- Required action -
From the line below containing "ヘコむあだ名 | 『ていにゅー』『酢こんぶ』 |" to the final line, print each line exactly as written. No pictures belong in the copy.

- Dataset extract -
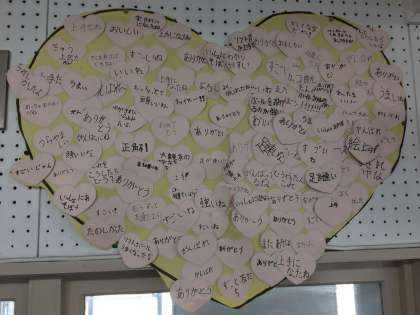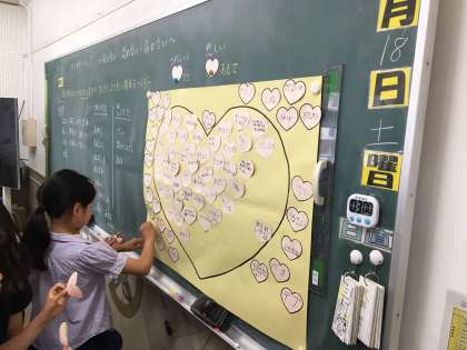 土曜参観での学習で、自分が今まで言われてうれしかった言葉と悲しかった言葉を思い出して、その言葉をハートの紙に書き、みんなの言葉を大きな紙に貼りました。うれしかった言葉には「ありがとう」「すごいね」「きれいな字やね」などなど本当にたくさんの言葉が出ました。一方悲しかった言葉もみんなの様々な言葉が出てきました。これから友だちとより良い関係を作っていくためには悲しい言葉を言わない事が大切です。そこでハートの外側に貼った悲しかった言葉を封筒に入れて封印し、ハートの内側に貼ったうれしかった言葉をみんなで確認しました。これからこういった温かい言葉があふれる学年にしていきます。
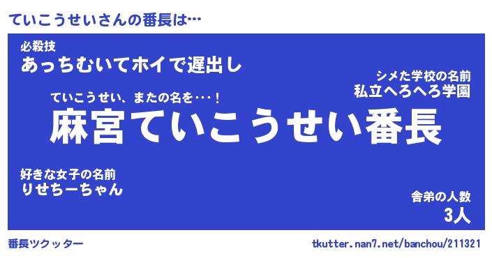 | ヘコむあだ名 | 『ていにゅー』『酢こんぶ』 |
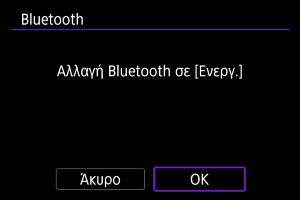 - Αυτή η οθόνη δεν εμφανίζεται αν η ρύθμιση του Bluetooth έχει ήδη οριστεί σε [Ενεργ.].
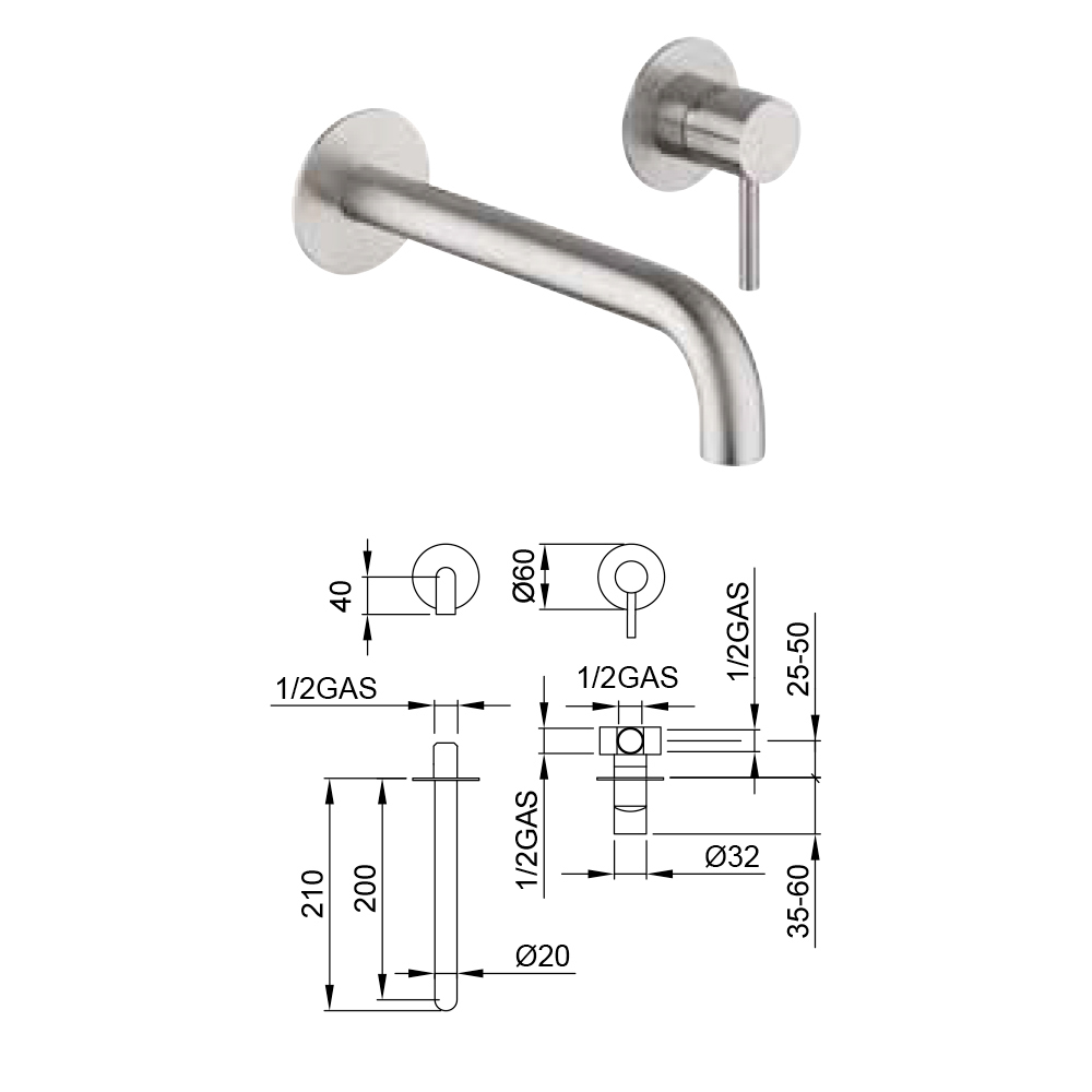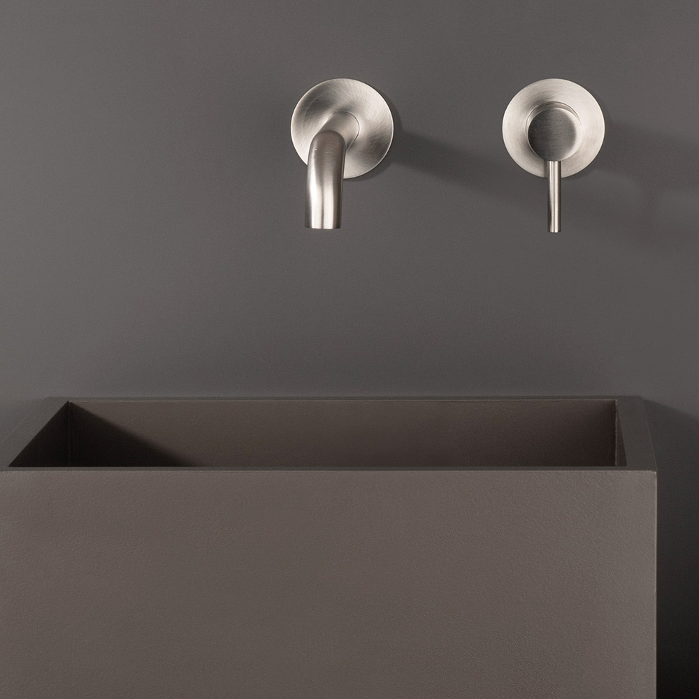 Eingebauter Waschtischmischer mit Wandauslauf, ohne Ablaufgarnitur, aus Edelstahl AISI 316L , 100 % recycelbares Material, vollständig in Italien hergestellt.

- Solution -
 | ヘコむあだ名 | 『ていにゅー』『酢こんぶ』 |
 - Αυτή η οθόνη δεν εμφανίζεται αν η ρύθμιση του Bluetooth έχει ήδη οριστεί σε [Ενεργ.].
 Eingebauter Waschtischmischer mit Wandauslauf, ohne Ablaufgarnitur, aus Edelstahl AISI 316L , 100 % recycelbares Material, vollständig in Italien hergestellt.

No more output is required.